Hyde states that the ‘diligence … used in one or two other places that he might be elected’ also failed on this occasion, and he had no doubt that this blanket rejection was the result of ‘so great a fear … that a man of entire affections to the king, and of prudence enough to manage those affections, and to regulate the contrary, should be put into that chair’.41Clarendon, Hist. i. 220.
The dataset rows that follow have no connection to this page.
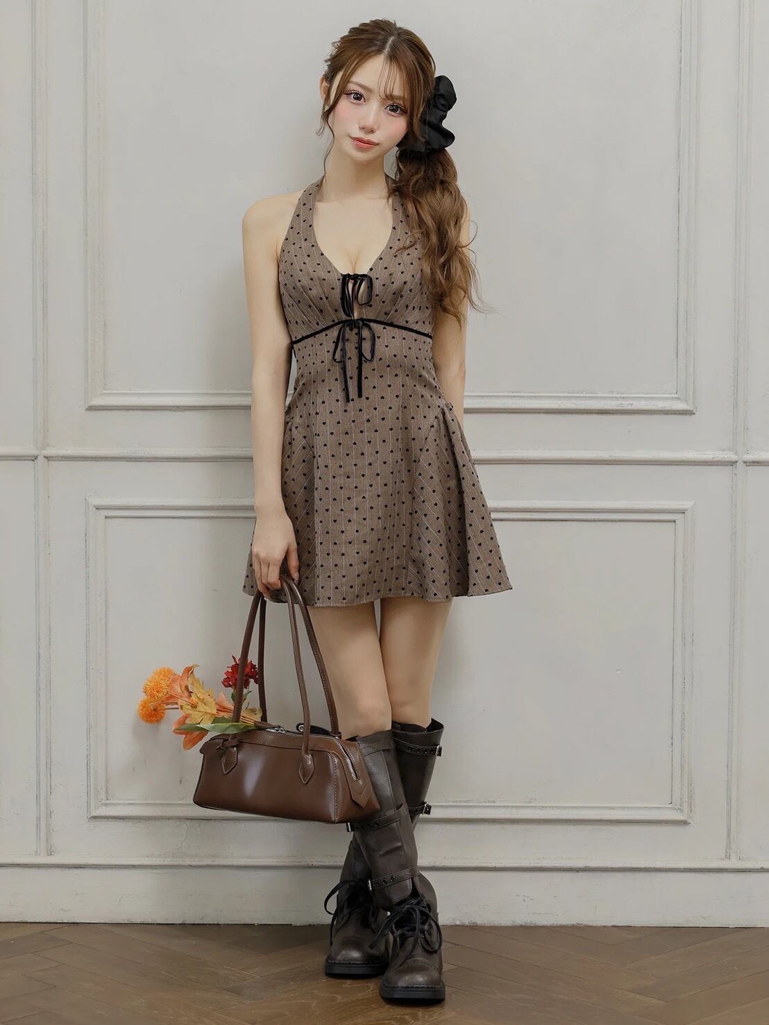 デコルテを美しく魅せるホルターネックと、レースアップのディテールが女性らしさを引き立てる一着。
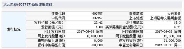 根据交易所公告,广东凌霄泵业股份有限公司于2017年6月29日进行网上申购。本次公开发行股票总数量1,937万股。网上发行1,937万股,占本次发行总量的100%。本次发行股份全部为新股,不安排老股转让。
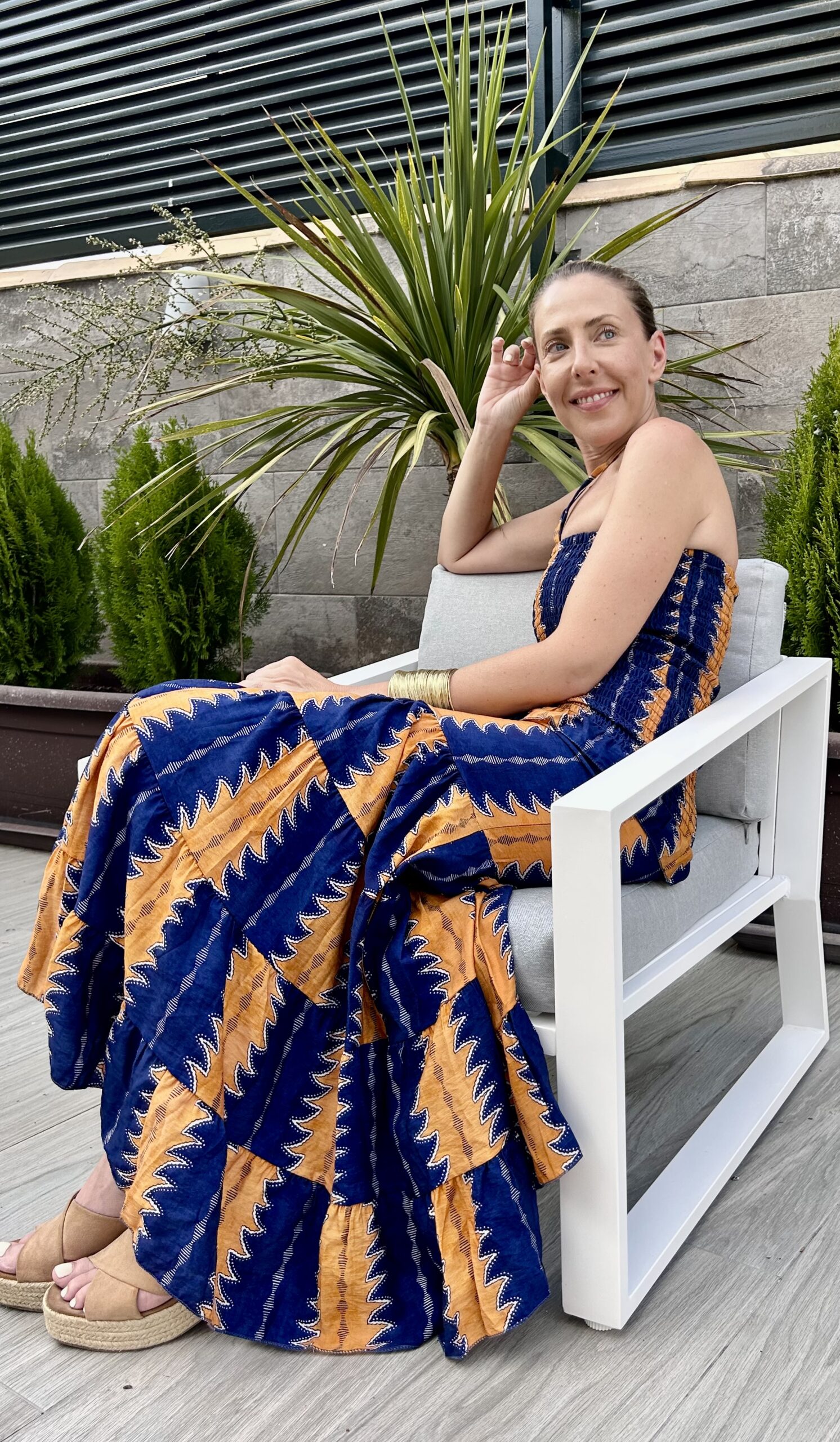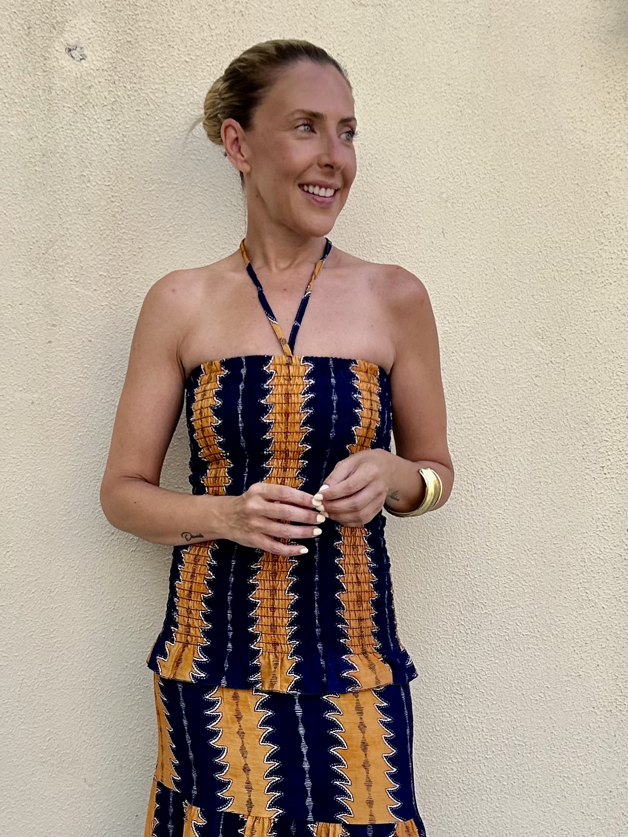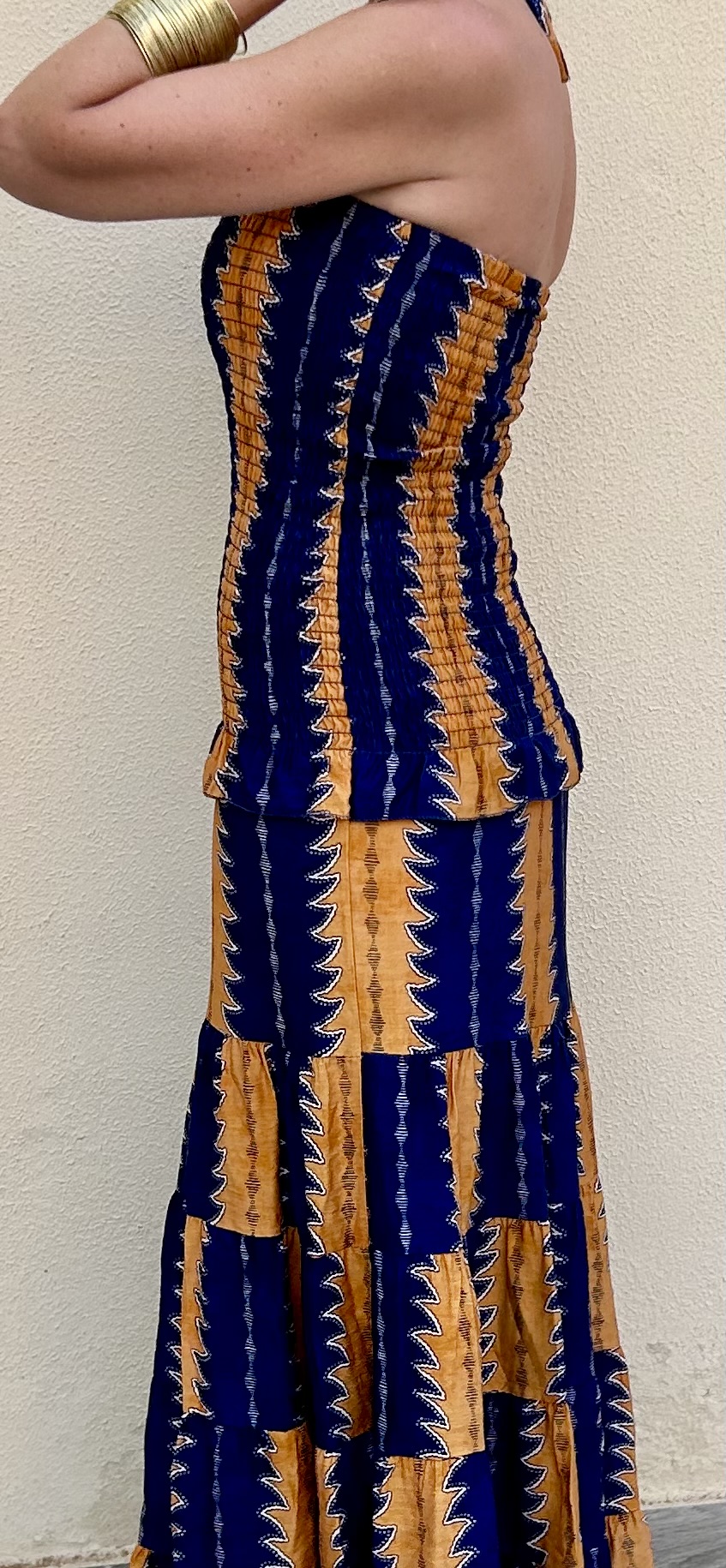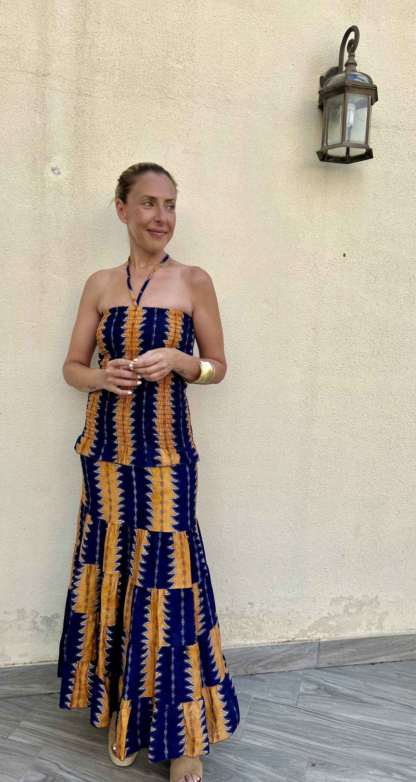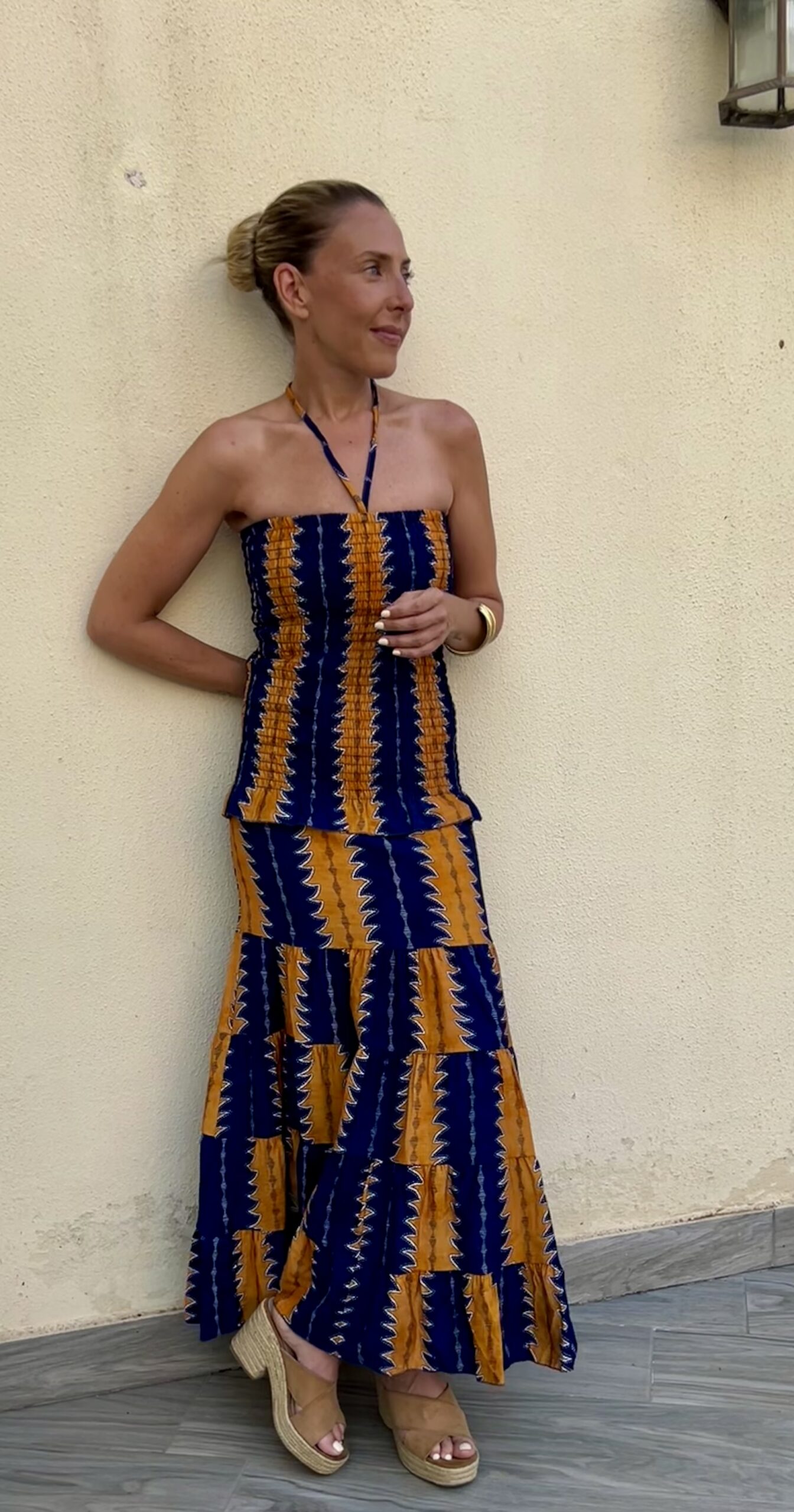 Vestido palabra de honor con tiras al cuello. Parte de arriba de nido de abeja hasta la cadera terminada en volante.
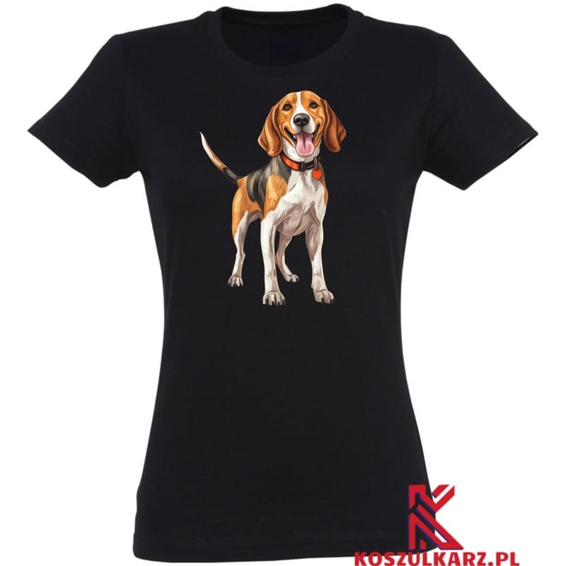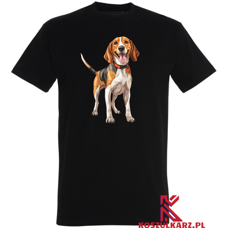 Grafika English Coonhounda została stworzona z myślą o zachowaniu każdego szczegółu. Od jego długich, opadających uszu, po charakterystyczne, mocne łapy – wszystko to jest uchwycone w realistycznym stylu. Nadruk, wykonany za pomocą nowoczesnej technologii druku cyfrowego, prezentuje się niezwykle ostro i wyraźnie, co sprawia, że każdy element wizerunku psa wyróżnia się na tle koszulki. Kontrast między trójkolorową sierścią Coonhounda a tłem koszulki (białym lub czarnym) tworzy harmonijną, stylową całość.
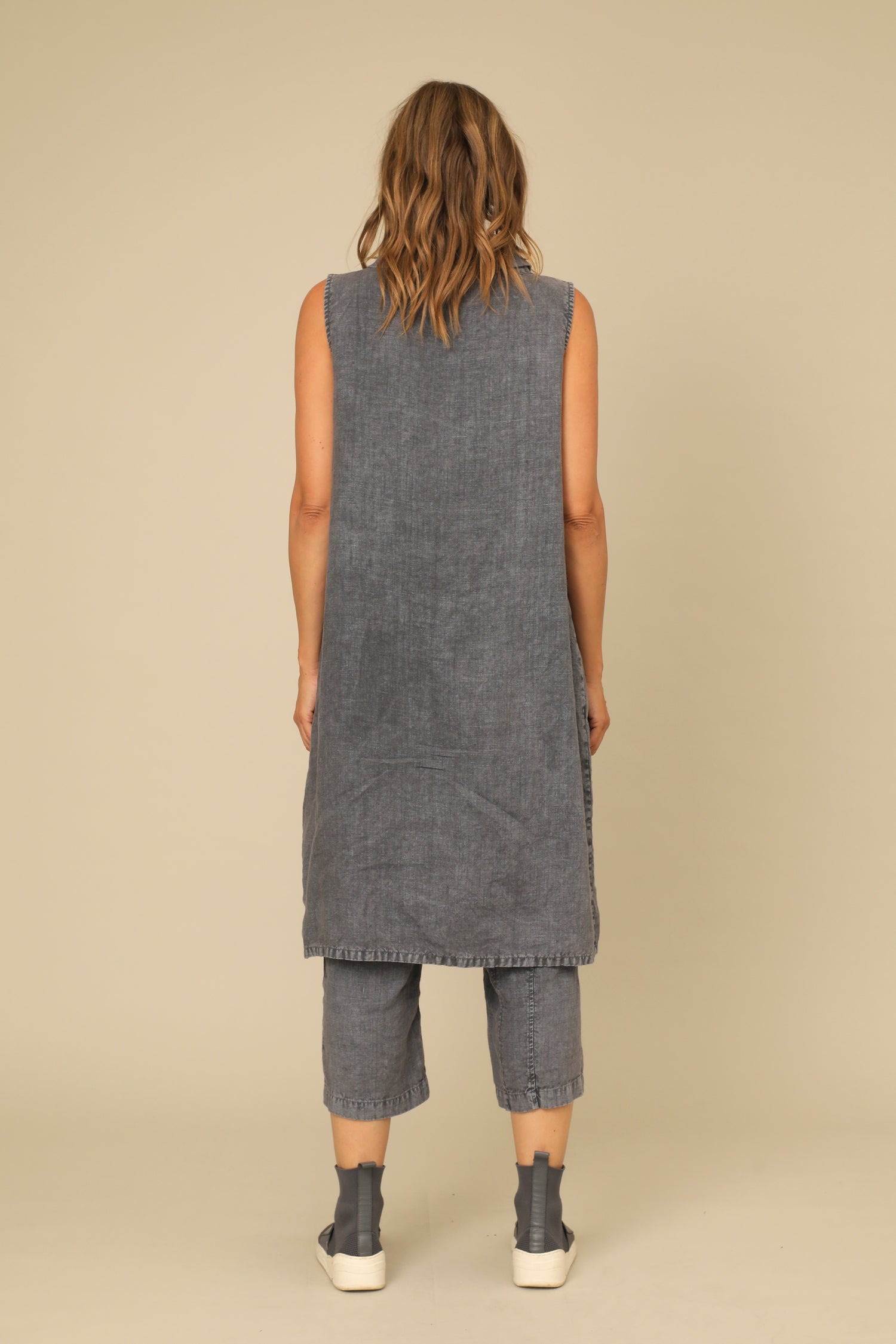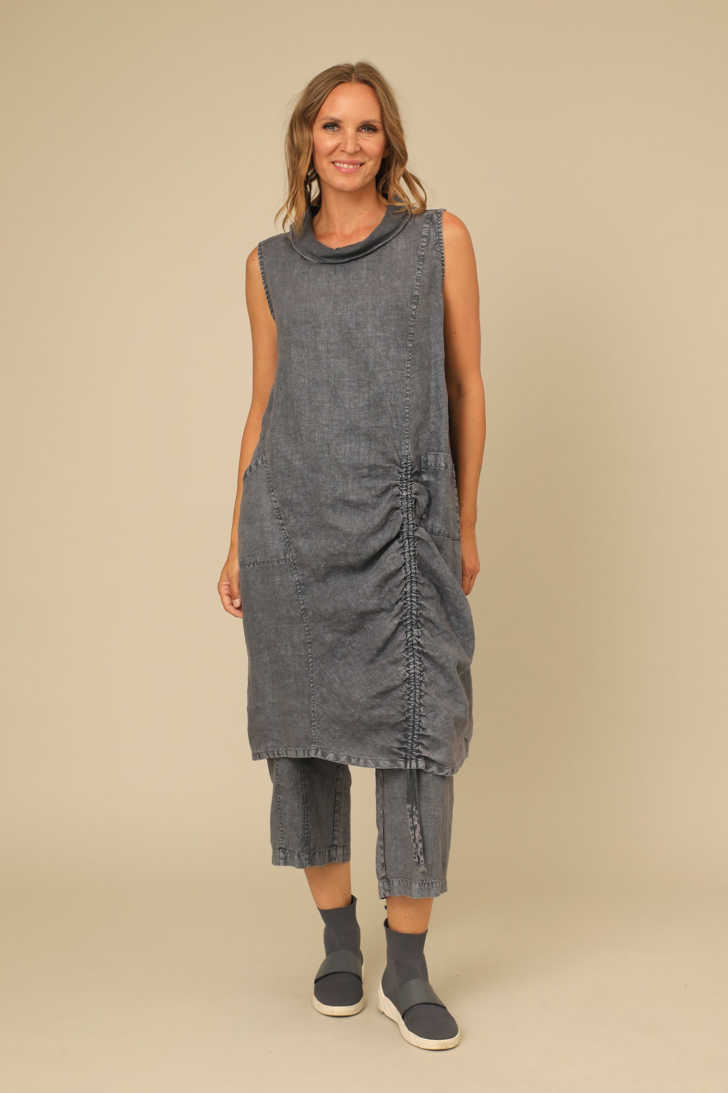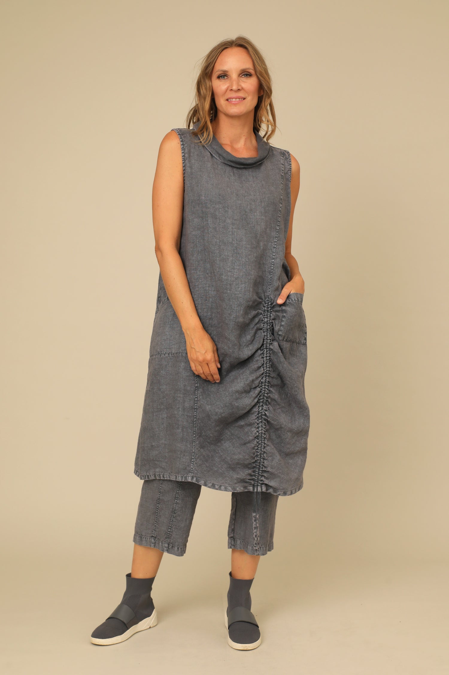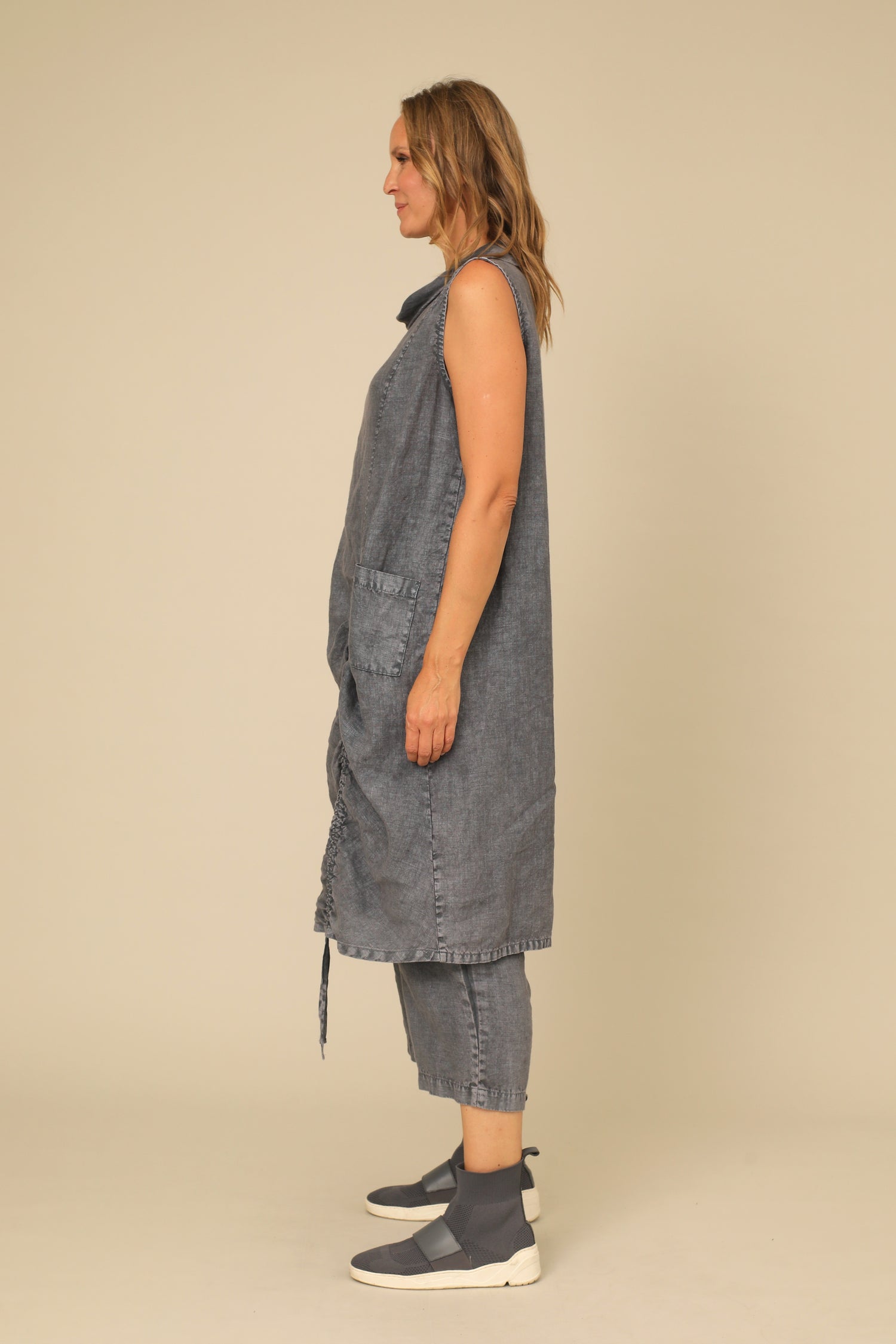 The linen A-line Millie Dress springs to life with a draped cowl neckline, sleeveless A-line silhouette, and an asymmetric hemline with adjustable drawstrings. Detailed with seams running along the body, varied with an inseam and patch pocket. Curated in a vintage wash look for an artfully unique one-of-a-kind piece.

During the first year of the Long Parliament, Gardiner was treated with suspicion by the king’s opponents in Parliament, but he was not subjected to any direct attacks. In January 1641 he was summoned ‘to give an account to this House [the Commons] by what warrant he reprieved [Goodman, the Jesuit priest]’, but this was not pursued, possibly because Gardiner immediately accused Sir Henry Vane I* of also having a hand in it.42D’Ewes (N), 278-9, 287. In early March, when Archbishop Laud asked for Gardiner to be among his counsel for the defence, Parliament rejected the request, supplying an alternative team.43LJ iv. 174b, 176a. But when on 31 March there was a conference over Parliament’s desire for a loan from the City, Gardiner, as spokesman for the latter, was the bearer of encouraging news, which was – unsurprisingly – well-received.44Procs. LP iii. 279, 280. Four days later he gave a reassuring update, evoking a similar response.45Procs. LP iii. 363. On 17 he was among the counsellors summoned to Westminster Hall on behalf of Thomas Wentworth†, 1st earl of Strafford, then on trial. Gardiner objected to the Lords’ ruling that they must speak only to matter of law and not to matter of fact, claiming that it rendered them impotent: ‘till they should be directed upon what to argue, the case being stated before them, they could not say more neither properly nor pertinently, nor as did befit the respect and duty which they owed unto the lord of Strafford’. This appears to have provoked a hasty adjournment for the day.46Procs. LP iii. 593-5, 597, 599, 601.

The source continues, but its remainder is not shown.